Copy all records verbatim, images excluded.

•••

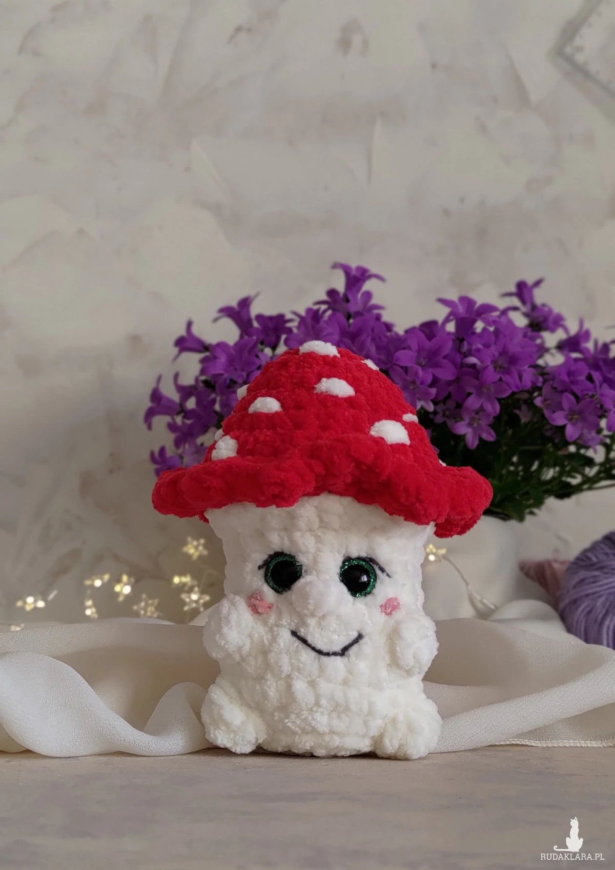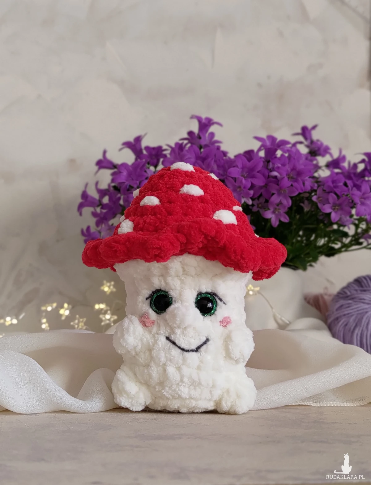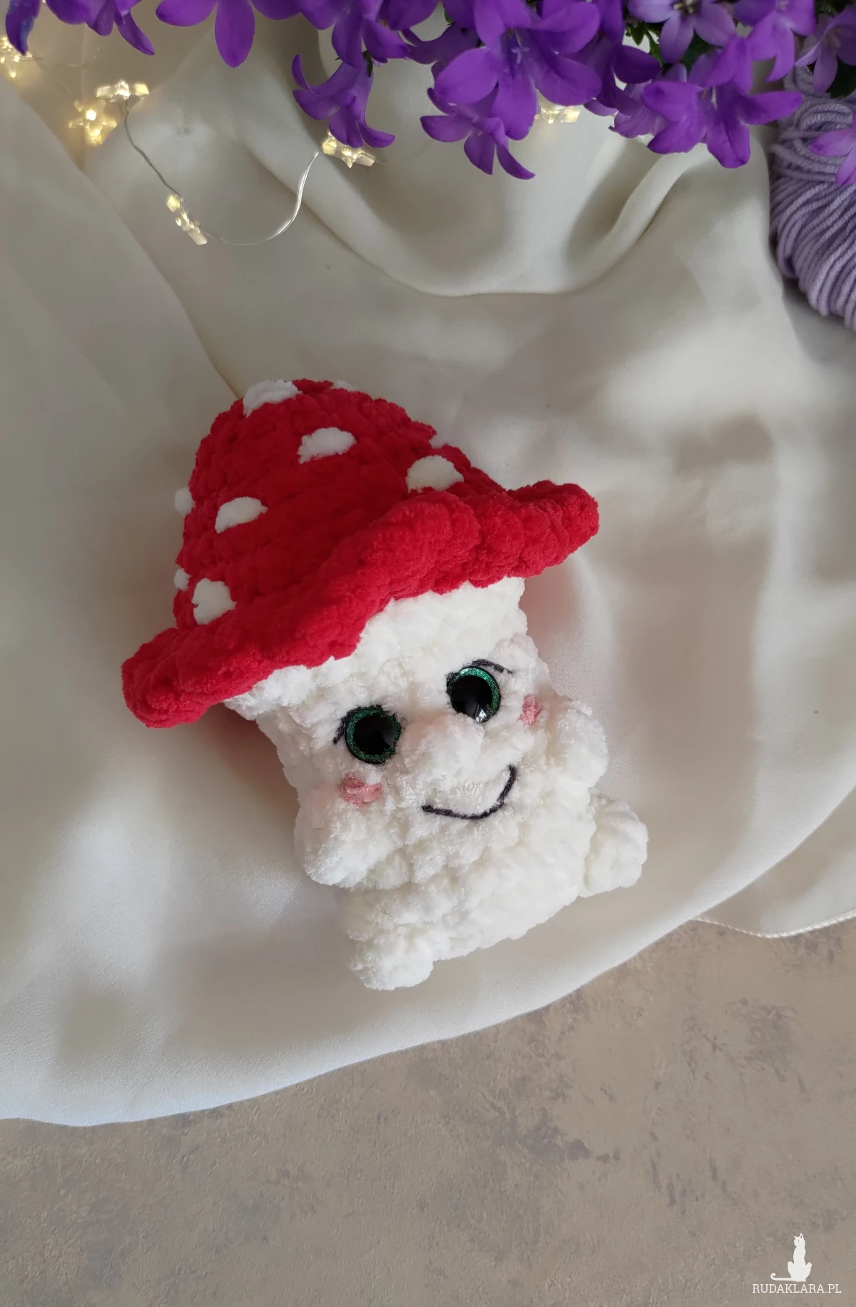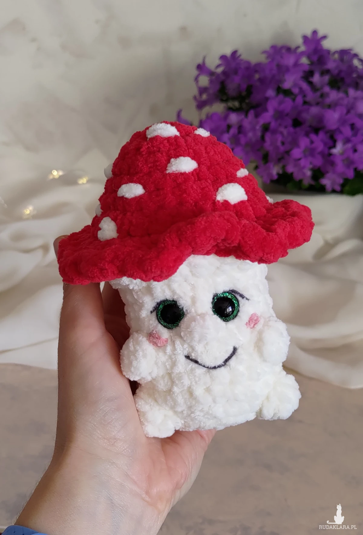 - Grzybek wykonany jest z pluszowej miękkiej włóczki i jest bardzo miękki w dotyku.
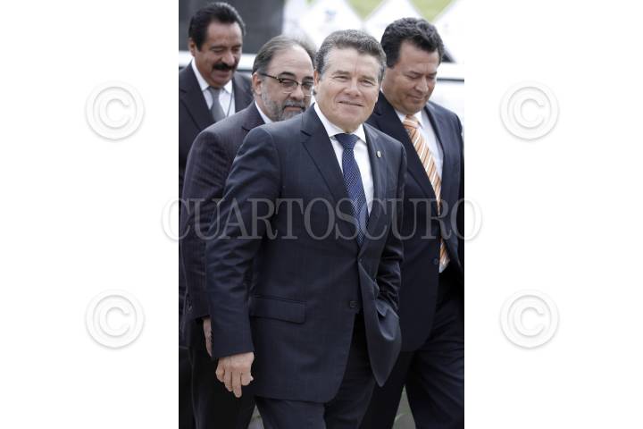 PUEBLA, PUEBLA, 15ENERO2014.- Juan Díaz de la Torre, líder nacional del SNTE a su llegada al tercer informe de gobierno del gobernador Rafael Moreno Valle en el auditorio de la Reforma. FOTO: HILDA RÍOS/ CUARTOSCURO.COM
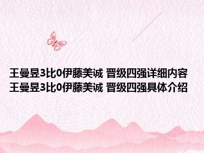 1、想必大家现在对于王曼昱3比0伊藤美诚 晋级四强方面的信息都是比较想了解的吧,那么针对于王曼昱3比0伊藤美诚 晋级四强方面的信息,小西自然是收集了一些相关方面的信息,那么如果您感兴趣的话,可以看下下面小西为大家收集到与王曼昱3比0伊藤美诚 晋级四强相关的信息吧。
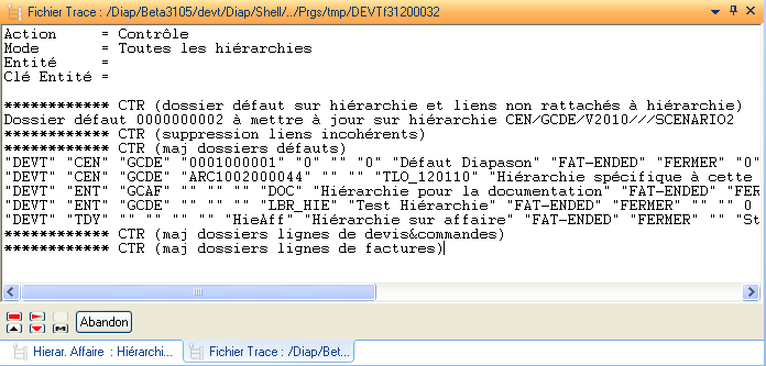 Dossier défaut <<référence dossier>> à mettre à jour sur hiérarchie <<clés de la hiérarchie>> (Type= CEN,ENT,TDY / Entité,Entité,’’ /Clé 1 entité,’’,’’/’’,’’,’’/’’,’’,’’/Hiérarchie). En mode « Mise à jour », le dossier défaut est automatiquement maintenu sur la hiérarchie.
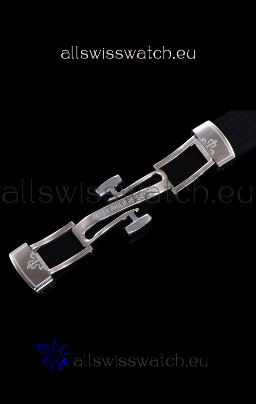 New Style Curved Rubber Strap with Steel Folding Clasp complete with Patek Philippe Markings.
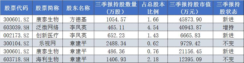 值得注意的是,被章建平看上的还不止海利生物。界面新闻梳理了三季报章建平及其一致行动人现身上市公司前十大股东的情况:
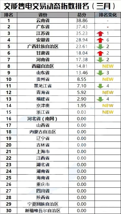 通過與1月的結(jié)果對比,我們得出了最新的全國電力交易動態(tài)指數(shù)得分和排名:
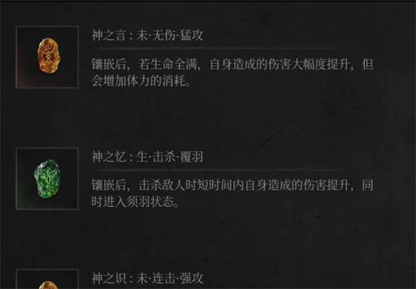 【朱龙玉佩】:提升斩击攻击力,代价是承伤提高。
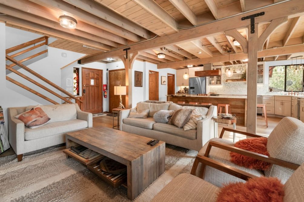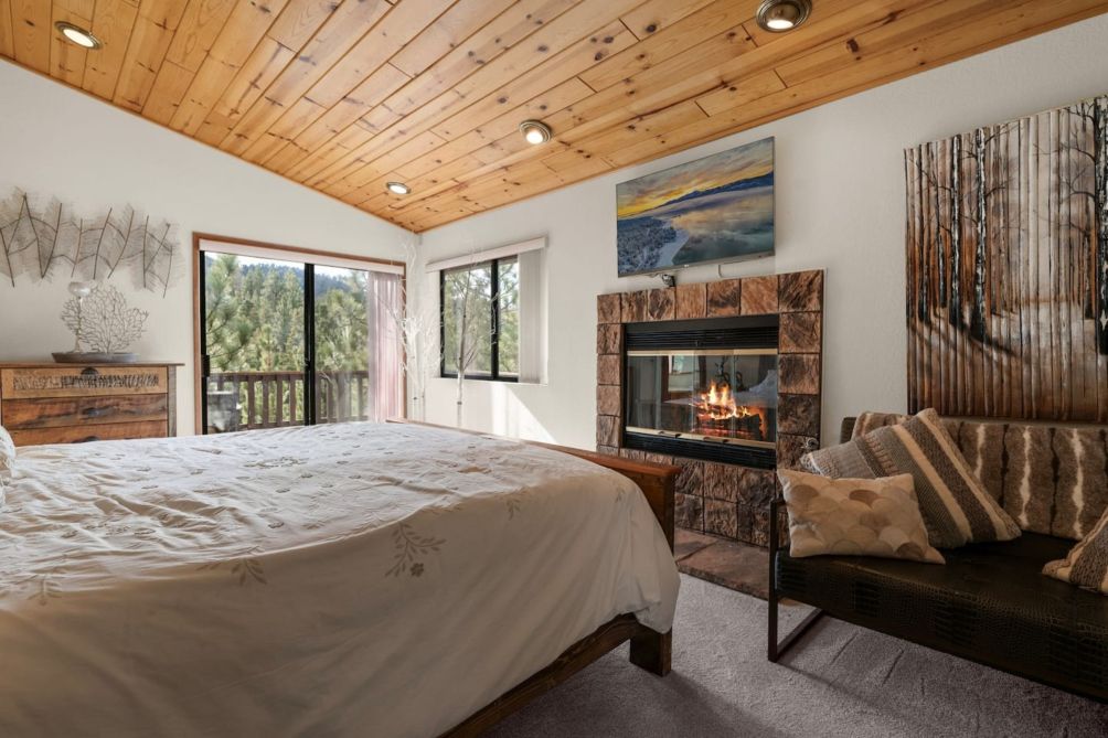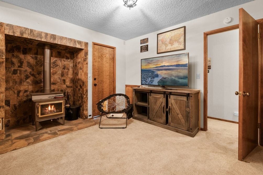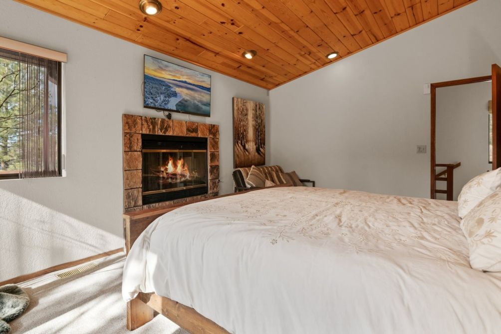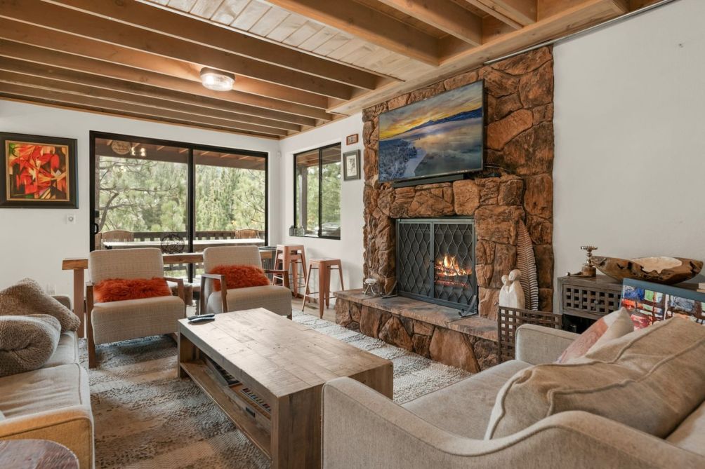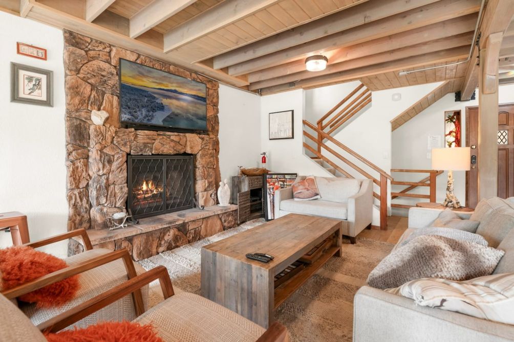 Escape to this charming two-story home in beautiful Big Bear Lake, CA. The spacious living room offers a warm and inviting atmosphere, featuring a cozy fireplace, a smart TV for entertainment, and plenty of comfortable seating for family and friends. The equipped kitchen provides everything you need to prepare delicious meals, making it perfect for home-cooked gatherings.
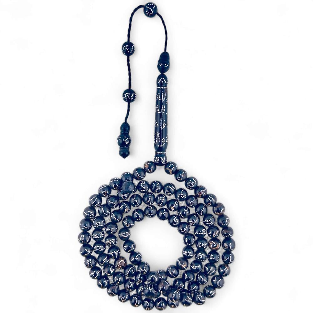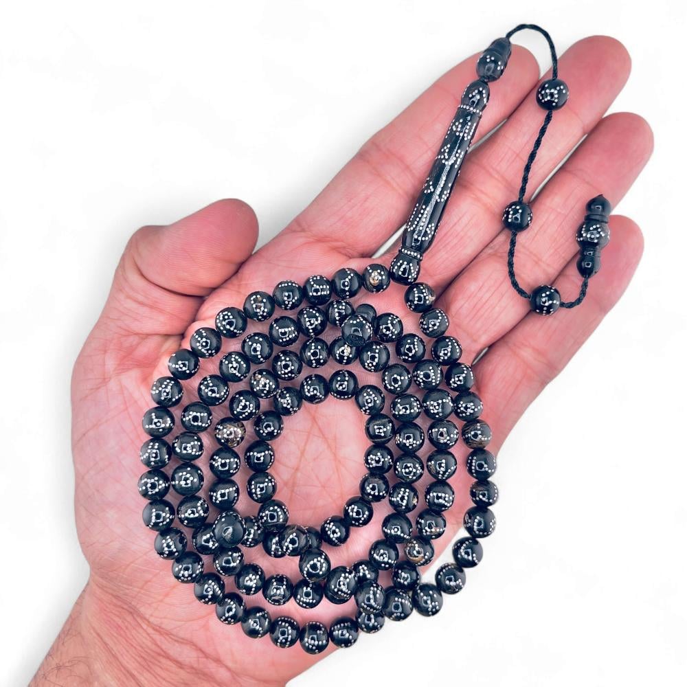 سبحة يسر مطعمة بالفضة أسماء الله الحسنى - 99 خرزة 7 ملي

•••

### RESULT
 - Grzybek wykonany jest z pluszowej miękkiej włóczki i jest bardzo miękki w dotyku.
 PUEBLA, PUEBLA, 15ENERO2014.- Juan Díaz de la Torre, líder nacional del SNTE a su llegada al tercer informe de gobierno del gobernador Rafael Moreno Valle en el auditorio de la Reforma. FOTO: HILDA RÍOS/ CUARTOSCURO.COM
 1、想必大家现在对于王曼昱3比0伊藤美诚 晋级四强方面的信息都是比较想了解的吧,那么针对于王曼昱3比0伊藤美诚 晋级四强方面的信息,小西自然是收集了一些相关方面的信息,那么如果您感兴趣的话,可以看下下面小西为大家收集到与王曼昱3比0伊藤美诚 晋级四强相关的信息吧。
 Dossier défaut <<référence dossier>> à mettre à jour sur hiérarchie <<clés de la hiérarchie>> (Type= CEN,ENT,TDY / Entité,Entité,’’ /Clé 1 entité,’’,’’/’’,’’,’’/’’,’’,’’/Hiérarchie). En mode « Mise à jour », le dossier défaut est automatiquement maintenu sur la hiérarchie.
 New Style Curved Rubber Strap with Steel Folding Clasp complete with Patek Philippe Markings.
 值得注意的是,被章建平看上的还不止海利生物。界面新闻梳理了三季报章建平及其一致行动人现身上市公司前十大股东的情况:
 通過與1月的結(jié)果對比,我們得出了最新的全國電力交易動態(tài)指數(shù)得分和排名:
 【朱龙玉佩】:提升斩击攻击力,代价是承伤提高。
 Escape to this charming two-story home in beautiful Big Bear Lake, CA. The spacious living room offers a warm and inviting atmosphere, featuring a cozy fireplace, a smart TV for entertainment, and plenty of comfortable seating for family and friends. The equipped kitchen provides everything you need to prepare delicious meals, making it perfect for home-cooked gatherings.
 سبحة يسر مطعمة بالفضة أسماء الله الحسنى - 99 خرزة 7 ملي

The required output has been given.